Non c'e' binomio peggiore che un finto-comunismo (China/ex URSS/Korea del nord) ed il Capitalismo per mettere in ginocchio la flora e fauna dell'Asia e poi del pianeta.

byezzz

skizzo
20-11-2007, 09.29.02
Purtroppo è un problema noto da tempo...

In Italia dovrebbe (dovrebbe, perchè doveva entrare in vigore già un paio d'anni fa) andare a regime il DL 151/2005 sulla gestione dei RAEE (Rifiuti da Apparecchiature Elettriche ed Elettroniche), in cui è fatto obbligo ai produttori e distributori di preoccuparsi (e finanziare) il recupero di tali apparecchiature.
Non cambierà il mondo, ma almeno è un piccolo passo in avanti.
In particolare, spettando ai produttori l'onere del recupero, potrebbe accadere (e in effetti è specificato nei primi articoli del decreto) che già in fase di progettazione venga considerato il fine-vita degli apparecchi. Vedremo.

rondix
20-11-2007, 09.54.47
Lascio questo link come commento .... :grrr: http://www.asianews.it/view.php?l=it&art=3693

Il Castiglio
20-11-2007, 11.17.53
Il titolo andrebbe corretto:
si scrive "inondati", con una sola "t" ;)

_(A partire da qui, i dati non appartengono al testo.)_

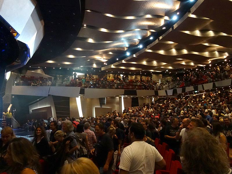 The name of the cruise derived, of course, from the song Close To The Edge by Yes, who were headliners both in 2013 and 2014. On the first cruise Steve Hackett played one of his first Genesis Revisited shows and many of the other bands also performed on both cruises (see list of all bands on the poster at this link). Just like this year, the 2013 cruise had started from Miami to a short side trip to the Caribbean and returned within five days. However, only half of the passengers had come to see the concerts on that first cruise, the other half being regular passengers who didn't care for the music. That worked out quite well, yet for this year’s cruise the organisers drew a lesson out of it and reserved the entire ship for the music passengers. The MSC Divina is able to accomodate more than 4,200 passengers, but only about 2,200 were aboard the ship. That may not have been financially satisfying for the organisers. Still it turned out ideal for the passengers, since the buffets rarely were overcrowded as well as the main shows in the theatre. That theatre has a capacity of less than 2,000 seats, hence the 'big' shows of Yes, Steve Hackett, Marillion and UK have been divided into two groups: The blue and the pink group, according to the cabins. All four bands played two shows on different days and officially you only had the chance to see one of the shows, due to the reservations. In my view this was not a very good arrangement. Of course one would like to see those bands more than one time if there's the chance to do so. However, it turned out that there was a number of seats for members of the 'wrong' group and that you simply had to wait to be let onto the balcony a few minutes before the concerts began. Since that arrangement hasn't been announced, I only learned about it casually just before the first Hackett show started. So I could see every show I wanted in the big theatre, as long as there hasn't been anything more interesting elsewhere. Of course, that is a problem when so many bands play two or three shows in only five days. Hence I missed the shows of Yes, Storyteller and Stick Men (with guest Eddie Jobson), among others.

(scusate la pedanteria ...)

Robbi
20-11-2007, 11.29.53
Vero!
corretto ;)

ironcharlie
20-11-2007, 12.20.15
confermo quanto detto succede anche da noi.
Sto facendo dei lavori di restauro di casa, così il sabato mi capita di dover portare in discarica materiale vario quale macerie, i vecchi sanitari ecc, ed ogni sabato vedo un mucchio di pc accatastati in un angolo, ma un mucchio veramente enorme, maggiore ad esempio dei rifiuti ingombranti, e non sono sempre gli stessi poiche ad inizio settimana il mucchio non c'è, e pensare che abito in un paese di 25.000 abitanti, non in una metropoli come shangai, quindi.....

tozzo72
20-11-2007, 12.24.36
considerando che in Cina non c'e' un governo stabile (oddio anche qui da Noi non scherziamo) che non ha regole precise sull'inquinamento e la sicurezza del lavoratore, sara' dura appellarsi a qualcosa.
Tutto vero ma che non abbiano un governo stabile proprio non si può proprio dire!

F 16
20-11-2007, 13.14.43
Tutto vero ma che non abbiano un governo stabile proprio non si può proprio dire!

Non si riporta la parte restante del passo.